2D cross sections of a 3D rotating cuboid


If you’re unfamiliar with the concept and/or ideas of flatland, this post might not make a lot of sense to you. If you don’t want to read up on flatland, here’s a nice image which does a (decent) job of visualizing the concept behind this post:

Consider a cuboid with the dimensions X,Y,Z along the three spacial dimensions. Imagine taking said cuboid and slowly descending it through a 2-dimensional plane. How would this look?

If we merely took a 1x1x1 cuboid without any rotation, this would be a square popping in and out of existence  obviously. But how would this look if we allow the cube to rotate?
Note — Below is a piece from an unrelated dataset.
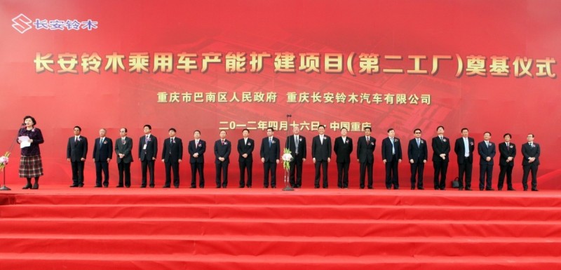 重慶市市長黃奇帆、副市長童小平,市人大常委會副主任余遠牧,市政協副主席彭永輝,日本國駐重慶總領事館首席領事鶴崗千晴,中國南方工業集團公司黨組副書記、副總經理,中國長安汽車集團董事長徐留平,長安汽車總裁張寶林、副總裁王重生,鈴木株式會社副社長鈴木俊宏,巴南區區委書記李建春、區長段成剛,長安鈴木總經理近藤唯志,長安鈴木常務副總經理陳華述等出席了奠基儀式。

We define an initial rotation on the cube across the 3 dimensions (XY, XZ, YZ) and a gradual rotation (XY, XZ, YZ) as well. The cube will be rotated around its center-point, as it’s the most intuitive to do so.

If you don’t want the mathematical details, you can download the .jar file here:

Download link

We define the 8 vertices of the cuboid as 8 3-dimensional vectors positioned according to the center of the cube. We also define a rotation function r(x) for each of the vectors (which is simply a rotational matrix).

Definition: Rotating the cuboid (XY, XZ, YZ) means to rotate each of the 8 vectors (XY, XZ, YZ).

Next up, we need to define a cross-section of the cube at a certain height t.

Definition: A line segment is a line going from a point to another point. In this casevectors. A line segment is a line going from the end of one vector to the end of another vector.

The cuboid contains 12 line segments.

Definition: An intersection is the point where a 3-dimensional line and a 2-dimensional plane at height intersect.

Definition: A cross-section of the cuboid is the set of intersections for each line segment in the cuboid and an infinite 2-dimensional plane (X, Z) at height t (y=t).

We get the cross-section of the cuboid and draw the convex hull of this collection of points.

Going at constant rate for we get an animation of the cuboid going through flatland (rotating the cuboid for each term).

This was really vaguely described, but I don’t really feel like going into too many details.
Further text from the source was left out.